Adelaide residents are furious after discovering their local Hungry Jacks is now halal certified, with many vowing to boycott the restaurant.
A photo of the halal certification for the store in Parafield shared on social media on Saturday shows a list of menu items that are now prepared according to Islamic guidelines, including beef and chicken item such as Whoppers and chicken nuggets, as well as chips, hash browns, onion rings and shakes.
The revelation that the food now had Islamic religious approval shocked locals, and many said they would no longer eat at the Hungry Jacks.
“Won’t be going there again,” read the most popular comment on the post.
“I won’t be going there, then. I don’t want my food to be tainted with ideology from ANY religion,” wrote another.
“I don’t want my food to cost even one cent more to pander to Muslims, nor any other religions. Food that has a religious ideology attached should be arranged by the people that want it, not imposed on the general public.”
“Well I won’t be going there. Assimilate into the country you live in, or live in the country you support,” wrote a third.

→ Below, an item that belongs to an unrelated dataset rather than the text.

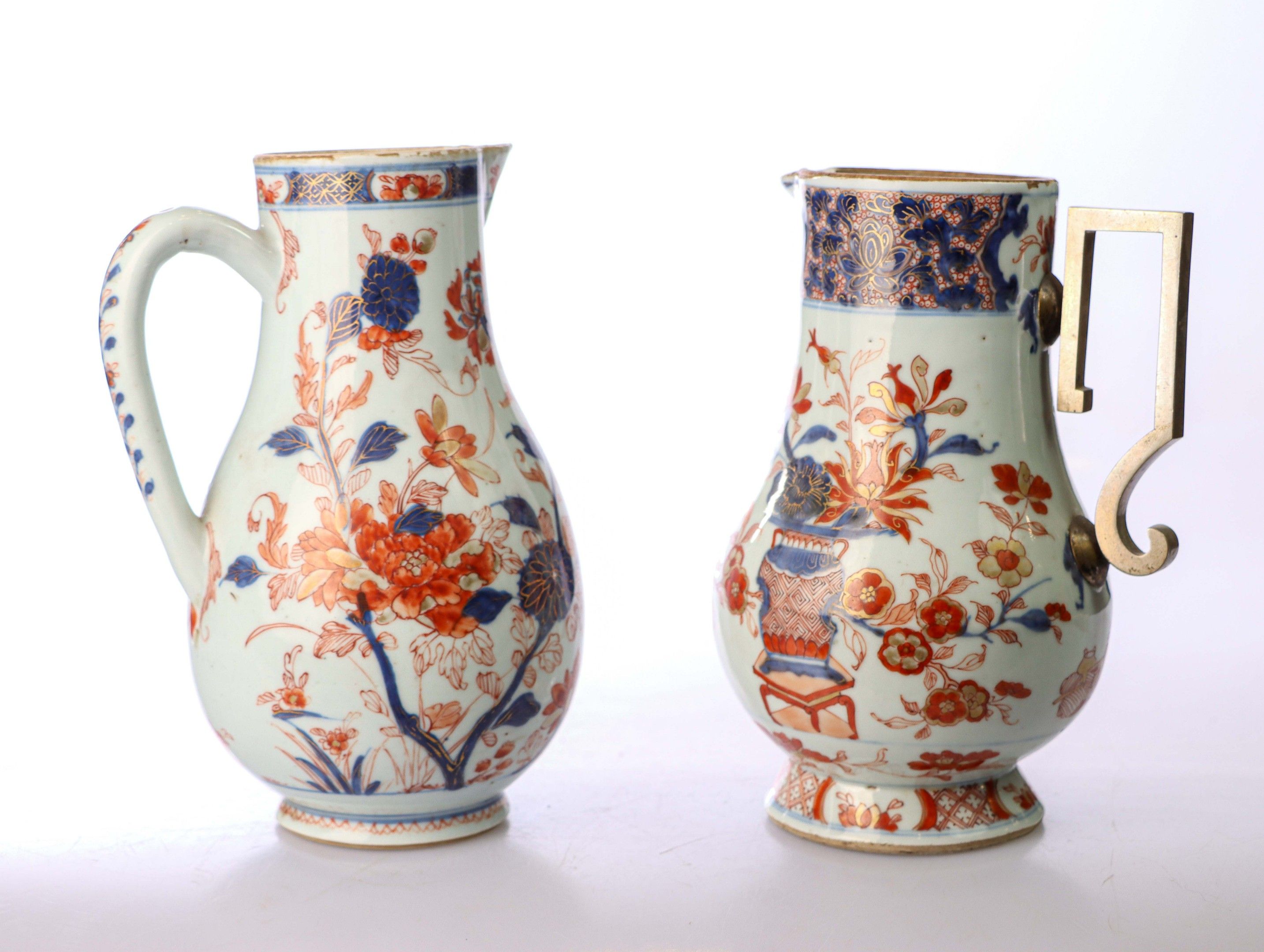 CHINA, 18th century Two Imari porcelain jugs. Height: 22.5 and 21.5 cm (Damage, cracks) Provenance: - European collection Photos condition report : lc.cx/6-mc5_

Others asked how the food could genuinely be halal certified since the kitchen was used to cook bacon, and some cast doubts over the certification process.

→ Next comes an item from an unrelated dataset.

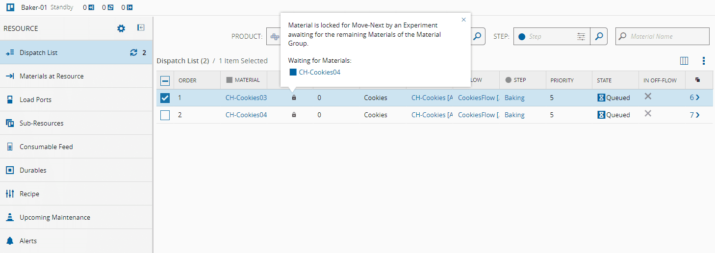 When a Material is waiting for an Experiment in the Resource, a lock badge will appear in the column next to Material. Selecting it will display a pop-over message, as shown in the image below.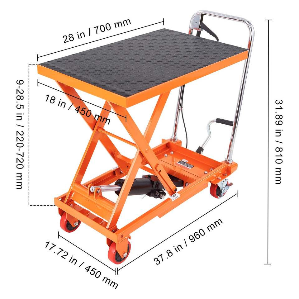 Carrello Elevatore Idraulico Manuale a Forbice Singola, Capacità 227 kg, con 4 Ruote Antiscivolo in PA, Altezza di Sollevamento 72,4 cm

“This just proves that halal is a BS Islam tax, there’s no way the store can actually be halal certified as well as selling bacon that is cooked on the same grills using the same utensils as the meat, this is just hypocritical at best,” wrote one Aussie.
“The halal certification process is a joke. I worked in a gluten free bakery, the Imam came in, looked around asked if we clean the ovens before cooking something else in them (he told us to just say yes even if we didn’t do it),” another wrote.

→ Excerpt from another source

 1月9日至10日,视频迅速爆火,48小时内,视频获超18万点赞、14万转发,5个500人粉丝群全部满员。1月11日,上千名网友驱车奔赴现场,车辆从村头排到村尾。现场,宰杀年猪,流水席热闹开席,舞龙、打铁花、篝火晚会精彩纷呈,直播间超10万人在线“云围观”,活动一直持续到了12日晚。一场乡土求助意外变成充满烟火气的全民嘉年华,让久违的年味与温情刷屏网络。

“He saw the bacon was not kept in a different cool room (we only had one cool room), he just said eh don’t worry just say it’s kept separate. My boss paid $300 and the bakery got halal certified even though it didn’t meet the proper criteria.”
One Nation leader Pauline Hanson led a campaign against unlabelled halal food products in 2017, and warned Australians that buying halal-certified Easter chocolates from companies such as Cadburys was “financially supporting the islamisation of Australia”.
In the same year she questioned whether cows were being slaughtered humanely under halal certification, and the RSPCA later confirmed some abattoirs have exemptions to kill cattle and sheep without stunning them first for both halal and kosher slaughter.